# Does it REALLY matter where you graduate from?



## dulcinea (Aug 22, 2011)

It depends on what you want to do. I think prestigious colleges are for people who want to get an advanced degree and want to get into a really prestigious field like law or become a politician or entrepreneur of a big business. The value of such a degree comes with your ability to network with wealthy people, as wealthy people tend to send their children to such schools, and the nominal value to employers or clients who tag any value to that. 
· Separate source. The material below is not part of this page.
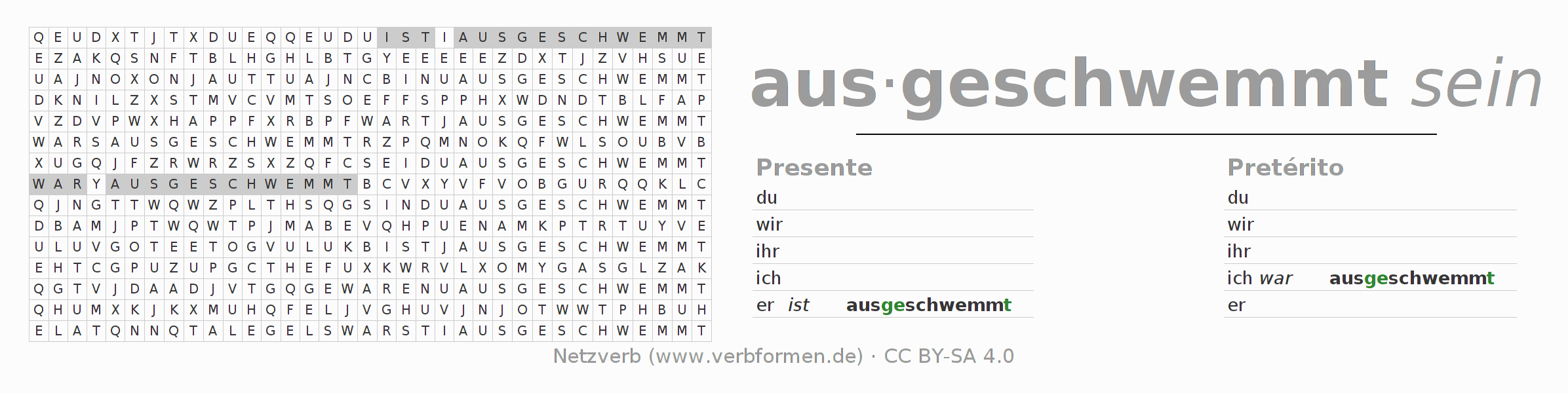 Con este juego de palabras cruzadas puedes aprender de manera desafiante la conjugación del verbo alemán ausschwemmen.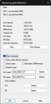 One can obtain a graphic representation of the results by activating the Draw Volumes check box. This consists of a mesh that is only defined in the area defined by both mesh files. Each cell will have a color indicating if the area is in a cut, fill or whether it does not contribute to volume within tolerance set in the configuration. There is the possibility of assigning at the drawing a range of colors both for the cut and fill; with this in mind, we have the option of selecting the corresponding color palette.

Other than that, no it doesn't matter one bit. Especially in fields that have a huge demand like nursing or computer science. Every single nurse I know went to a technical community college; I'm a group for self taught programmers who have a variety of computer related jobs and a wide variety of educational backgrounds. Some went to good colleges, some went to bootcamps, some were 100% self taught.


----------



## Figure (Jun 22, 2011)

Others can weigh in on things like Law, Medicine, the Arts. My background is in business/consulting, so I'll weigh in there for anyone interested in following that path. 

In my experience the college you go to does matter in business, IF you are pursuing a career path that has a hierarchy of prestige and you want to be at the top. That would be areas like investment banking, consulting, software development, marketing, business development, even sales. 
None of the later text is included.